EU’s GDPR: Bigger Than Macron or Le Pen

May 01, 2017 / in Blog, Encryption/Security / by Zafar Khan, RPost CEO

The biggest unifying force in Europe may be cybersecurity regulation. Despite Brexit and the wavering EU support in France, all 28 EU member states are implementing the General Data Protection Regulation (GDPR) which goes into effect in May, 2018.  GDPR will standardize cybersecurity across all 28 member states, including the UK, Brexit or not.

GDPR aims to protect the rights and data of any EU citizen or resident by requiring those companies who access their data to clearly explain how it is going to be used, processed, stored, sold, and for how long. Companies must 1) obtain permission from the person to use their data 2) provide specific notification of a data breach 3) allow the person to transfer their data to another provider, including a competitor and 4) remove a person completely from their database if requested.

American Companies Can be Fined up to 4% of Worldwide Sales

GDPR violation fines are steep and they apply to ANY company that accesses the data of an EU citizen or resident, even if they aren’t living in the EU. Fines range from 10 Million Euros or 2% of total worldwide sales to 20 Million Euros or 4% of total worldwide sales, whichever is higher. (Details)

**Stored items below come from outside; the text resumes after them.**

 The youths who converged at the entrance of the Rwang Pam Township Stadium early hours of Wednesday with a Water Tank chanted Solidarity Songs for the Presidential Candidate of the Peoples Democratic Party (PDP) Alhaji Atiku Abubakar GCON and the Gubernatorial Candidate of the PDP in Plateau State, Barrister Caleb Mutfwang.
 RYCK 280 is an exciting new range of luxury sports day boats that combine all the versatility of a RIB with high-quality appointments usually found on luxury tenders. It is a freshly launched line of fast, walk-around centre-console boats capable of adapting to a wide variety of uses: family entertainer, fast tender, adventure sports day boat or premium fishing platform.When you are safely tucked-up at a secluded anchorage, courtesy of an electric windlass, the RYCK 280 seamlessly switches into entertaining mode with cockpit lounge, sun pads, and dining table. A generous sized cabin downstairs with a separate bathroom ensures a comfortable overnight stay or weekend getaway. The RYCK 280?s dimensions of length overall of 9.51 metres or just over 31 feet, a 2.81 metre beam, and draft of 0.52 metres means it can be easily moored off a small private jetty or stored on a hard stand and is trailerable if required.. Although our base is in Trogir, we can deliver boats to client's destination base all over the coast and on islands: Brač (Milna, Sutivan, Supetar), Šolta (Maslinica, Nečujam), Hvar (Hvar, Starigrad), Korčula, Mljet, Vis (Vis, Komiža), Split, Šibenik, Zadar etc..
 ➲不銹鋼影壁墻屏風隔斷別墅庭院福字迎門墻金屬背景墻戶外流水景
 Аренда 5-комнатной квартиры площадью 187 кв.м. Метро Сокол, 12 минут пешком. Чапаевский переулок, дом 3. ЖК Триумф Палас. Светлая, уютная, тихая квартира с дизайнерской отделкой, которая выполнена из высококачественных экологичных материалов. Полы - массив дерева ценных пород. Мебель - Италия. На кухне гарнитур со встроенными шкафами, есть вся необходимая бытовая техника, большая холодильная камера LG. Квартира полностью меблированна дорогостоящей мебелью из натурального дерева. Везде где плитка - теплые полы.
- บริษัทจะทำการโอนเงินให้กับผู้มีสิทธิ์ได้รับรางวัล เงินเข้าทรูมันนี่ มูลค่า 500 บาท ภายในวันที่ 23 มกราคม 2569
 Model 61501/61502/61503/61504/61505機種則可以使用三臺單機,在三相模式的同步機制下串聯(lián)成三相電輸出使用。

An EU citizen who is a customer of Google, for example, can request a copy of their usage data and see what Google knows about them. They may see reporting on where they were each time they logged into Google and how much time they spent online. Google, Facebook, and any data processor has to prove GDPR compliance and demonstrate ongoing data monitoring.

The steepest fines are imposed for violation of Article 5. This requires that personal data is

“processed in a manner that ensures appropriate security of the personal data, including protection against unauthorised or unlawful processing and against accidental loss, destruction or damage, using appropriate technical or organisational measures.”

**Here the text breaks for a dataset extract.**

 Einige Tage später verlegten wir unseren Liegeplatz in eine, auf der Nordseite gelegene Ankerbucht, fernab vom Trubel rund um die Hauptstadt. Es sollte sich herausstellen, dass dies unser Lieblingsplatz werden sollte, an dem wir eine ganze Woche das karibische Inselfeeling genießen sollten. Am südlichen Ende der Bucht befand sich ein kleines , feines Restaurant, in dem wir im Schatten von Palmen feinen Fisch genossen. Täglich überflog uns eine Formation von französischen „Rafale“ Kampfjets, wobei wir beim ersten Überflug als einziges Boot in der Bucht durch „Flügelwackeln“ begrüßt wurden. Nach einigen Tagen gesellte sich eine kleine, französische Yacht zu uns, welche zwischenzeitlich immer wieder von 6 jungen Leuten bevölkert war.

This means businesses must use available technology, such as email encryption and other forms of cybersecurity services, to prevent unauthorized access and/or use of personal data.

Pseudonymization – A quick fix?

Pseudonymization offers an easier way to comply with GDPR. This long word just means replacing all personal data with code. Since GDPR is all about personal data, if you can find an easy way to remove this data, you’re home free. Once you’ve used this technique, you can still analyze behavior or create marketing campaigns but you won’t have access to a subject’s name, address or birthday.

The Right to Be Forgotten

GDPR also provides the Right to be Forgotten (RTBF). A person can request that Google, for example, remove links to public records that detail his financial circumstances, even though the public records still exist. This was a real case brought by The Spanish Data Protection Agency that was settled by The European Court of Justice in favor of the plaintiff. This could create a huge request volume once people realize that they can erase links to their home foreclosure, a settled malpractice lawsuits or a divorce report.

Even if France leaves the EU and the EU dissolves these data protection regulations will likely stay in effect.

RPost predicts that GDPR will compel businesses operating in Europe not only to transmit information securely, but also to retain auditable proof of compliant, secure email delivery. For many businesses, the latter driver will require them to change email encryption services altogether.